The Federal Government may be forced to embark on cost cutting measures like retrenching workers in some of its agencies to reduce its recurrent expenditure if the price of oil continues to fall, Dr. Ngozi Okonjo-Iweala, the Coordinating Minister for the Economy and Minister of Finance said in an interview with London-based Financial Times newspaper.
“We will have to look very hard at recurrent expenditure, and identify overlapping agencies. When the price is heading down, everyone sees the necessity but that doesn’t stop them from hating you,” the minister said in the interview with the newspaper.
The measure will definitely lead to mass retrenchment in the federal civil service which many Nigerians believed is over bloated.
Government had toyed with the rationalization and restructuring of its agencies in the past over complaints that over 70 per cent of its annual budget is being spent on salaries and overheads, but had shied away from going ahead with it out of the fear of political backlash that may result from the action.

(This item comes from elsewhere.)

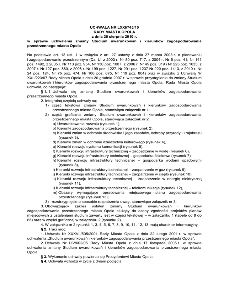 UCHWAŁA NR LXXI/745/10 RADY MIASTA OPOLA z dnia 26 sierpnia 2010 r. w sprawie uchwalenia zmiany Studium uwarunkowań i kierunków zagospodarowania przestrzennego miasta Opola Na podstawie art. 12 ust. 1 w związku z art. 27 ustawy z dnia 27 marca 2003 r. o planowaniu i zagospodarowaniu przestrzennym (Dz. U. z 2003 r. Nr 80 poz. 717, z 2004 r. Nr 6 poz. 41, Nr 141 poz. 1492, z 2005 r. Nr 113 poz. 954, Nr 130 poz. 1087, z 2006 r. Nr 45 poz. 319 i Nr 225 poz. 1635, z 2007 r. Nr 127 poz. 880, z 2008 r. Nr 199 poz. 1227, Nr 201 poz. 1237 Nr 220 poz. 1413, z 2010 r. Nr 24 poz. 124, Nr 75 poz. 474, Nr 106 poz. 675, Nr 119 poz. 804) oraz w związku z Uchwałą Nr XXII/223/07 Rady Miasta Opola z dnia 20 grudnia 2007 r. w sprawie przystąpienia do zmiany Studium uwarunkowań i kierunków zagospodarowania przestrzennego miasta Opola, Rada Miasta Opola uchwala, co następuje: § 1. 1. Uchwala się zmianę Studium uwarunkowań i kierunków zagospodarowania przestrzennego miasta Opola. 2. Integralną częścią uchwały są: 1) część tekstowa zmiany Studium uwarunkowań i kierunków zagospodarowania przestrzennego miasta Opola, stanowiąca załącznik nr 1; 2) część graficzna zmiany Studium uwarunkowań i kierunków zagospodarowania przestrzennego miasta Opola, stanowiąca załącznik nr 2: a) Uwarunkowania rozwoju (rysunek 1), b) Kierunki zagospodarowania przestrzennego (rysunek 2), c) Kierunki zmian w ochronie środowiska i jego zasobów, ochrony przyrody i krajobrazu (rysunek 3), d) Kierunki zmian w ochronie dziedzictwa kulturowego (rysunek 4), e) Kierunki rozwoju systemu komunikacji (rysunek 5), f) Kierunki rozwoju infrastruktury technicznej – zaopatrzenie w wodę (rysunek 6), g) Kierunki rozwoju infrastruktury technicznej – gospodarka ściekowa (rysunek 7), h) Kierunki rozwoju infrastruktury technicznej – gospodarka wodami opadowymi (rysunek 8), i) Kierunki rozwoju infrastruktury technicznej – zaopatrzenie w gaz (rysunek 9), j) Kierunki rozwoju infrastruktury technicznej – zaopatrzenie w ciepło (rysunek 10), k) Kierunki rozwoju infrastruktury technicznej – zaopatrzenie w energię elektryczną (rysunek 11), l) Kierunki rozwoju infrastruktury technicznej – telekomunikacja (rysunek 12), m) Obszary wymagające opracowania miejscowego planu zagospodarowania przestrzennego (rysunek 13); 3) rozstrzygnięcie o sposobie rozpatrzenia uwag, stanowiące załącznik nr 3. 3. Obowiązujący zakres ustaleń zmiany Studium uwarunkowań i kierunków zagospodarowania przestrzennego miasta Opola służący do oceny zgodności projektów planów miejscowych z ustaleniami studium zawarty jest w części tekstowej – w załączniku 1 (tabele od 8 do 65) oraz w części graficznej w załączniku 2 (rysunku 2). 4. W załączniku nr 2 rysunki: 1, 3, 4, 5, 6, 7, 8, 9, 10, 11, 12, 13 mają charakter informacyjny. § 2. Traci moc: 1. Uchwała Nr XXXVII/505/2001 Rady Miasta Opola z dnia 22 lutego 2001 r. w sprawie uchwalenia „Studium uwarunkowań i kierunków zagospodarowania przestrzennego miasta Opola”. 2. Uchwała Nr LIV/602/05 Rady Miasta Opola z dnia 17 listopada 2005 r. w sprawie uchwalenia zmiany Studium uwarunkowań i kierunków zagospodarowania przestrzennego miasta Opola. § 3. Wykonanie uchwały powierza się Prezydentowi Miasta Opola. § 4. Uchwała wchodzi w życie z dniem podjęcia. (Patrz: nr XXV/384/12 z 26.04.2012 r.)

Ironically, the minister had last week said at a briefing in Abuja that the falling oil prices is not a threat to the Nigerian economy.
It is estimated that Nigeria has witnessed a near 30 per cent decline in revenues over the past three months. The 36 states of the federation, most of which depend on the central government for funding of over 70 per cent of the budget are already complaining of inability to pay salaries and meet obligations to contractors as a result of declining funds from the federal purse.
Though the price of Nigeria’s Light Brent crude still hovers around $86 a barrel, some analysts have predicted that oil may plunge to around $70 per barrel in the next few weeks. The federal government, which depends on oil for about 80 per cent of revenues based its estaimate for the 2015 budget at an oil price of $78 per barrel. This is up from $77.5 per barrel in 2013.
Okonjo-Iweala said if oil price dips below $78 government will have to take some painful measures which will include draw down on the Excess Crude Account (ECA) she set up to keetp savings above the budgeted oil price.
She said the country can survive on the ECA for three months to avoid what she called “hard landing”.
“But even if prices continue to go down we can survive sufficiently for two to three months. That is the time needed to get other measures in place,” she said.
Nigeria had used the same ECA then with a balance of about $22 billion to cushion the effect of the 2008 global financial crisis when there was a similar dip in price of oil.
“Our buffers are slimmer this time,” said Okonjo-Iweala who put the amount in the ECA at about $4 billion which is $2 billion short of what the International Monetary Fund (IMF) had recommended.
She added that the falling oil price means Nigeria will have to accelerate the bid to diversify its sources of revenue.
“On the fiscal side we need to ramp up our non-oil revenues,” Okonjo-Iweala said.
McKinsey, a consulting firm, she said, has been carrying out an extensive review of revenue services in order to identify potential gains. She added that that lower oil prices would provide a stronger incentive to government to rein in oil theft, which has cost billions of dollars a year, and help to drive through stalled oil sector legislation to stimulate production.
“That would enable us to pick up quantity to help us cushion on the price side,” she said.